Second, broad executive decision making should focus on determining the consequences of policy and the effect of such policies on American citizens. All too often it seems that religion creates a singular vision in the eyes of a political leader. They may be serving God's purpose, but does that purpose live up to God's mandate? The best example of this situation is the President's "war on terror." Policy decisions made in the face of this singular agenda ascribe to a focused ideology also common in many major religious organizations. The leader loses sight of the tress, so to speak, for the forest. The only thing that matters is the major goal. Beyond this point, the minutiae makes little difference. However, in present historical examples like the "war on terror" or the Iraq War, it is all to clear that the costs to the country were not adequately considered because too much weight was/is placed on the ultimate goal. The current net result is large American casualties, a reduction in protections for civil liberties, and the creation of new enemies intent on using "terrorist tactics" against American citizens. Clearly, this kind of mono-focused policy track fails to adequately preserve the needs of the people. Limiting the role of religion in pursuing foreign policy may provide a desirous result.
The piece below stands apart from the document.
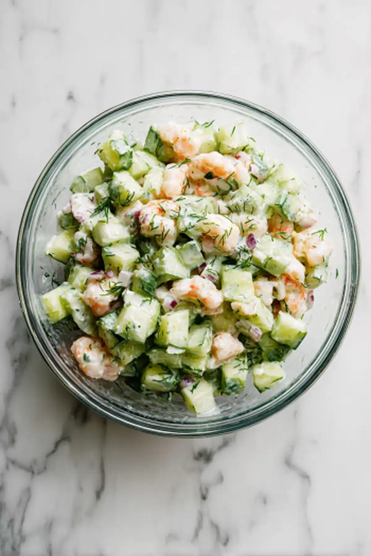 - In a large bowl, combine shrimp, diced cucumber, green onion, and dressing. Stir gently to coat.

These are two of the most prevalent examples of how having a political leader driven by religion in making policy can, and do, detrimentally affect the greater secular whole. The result is not a better America, but one that fails to pragmatically approach social issues confronted by the average American. The executive loses sight of the important interests of the people (the trees) for the goal of their grand policy (the forest). This single minded approach to governance fails to benefit those whom the establishment was created to foster and protect. As a result, we should aim to elect leaders who put the people before the plan, who consider the practical effect of those plans, and adjust the goal according to the best interests of the public.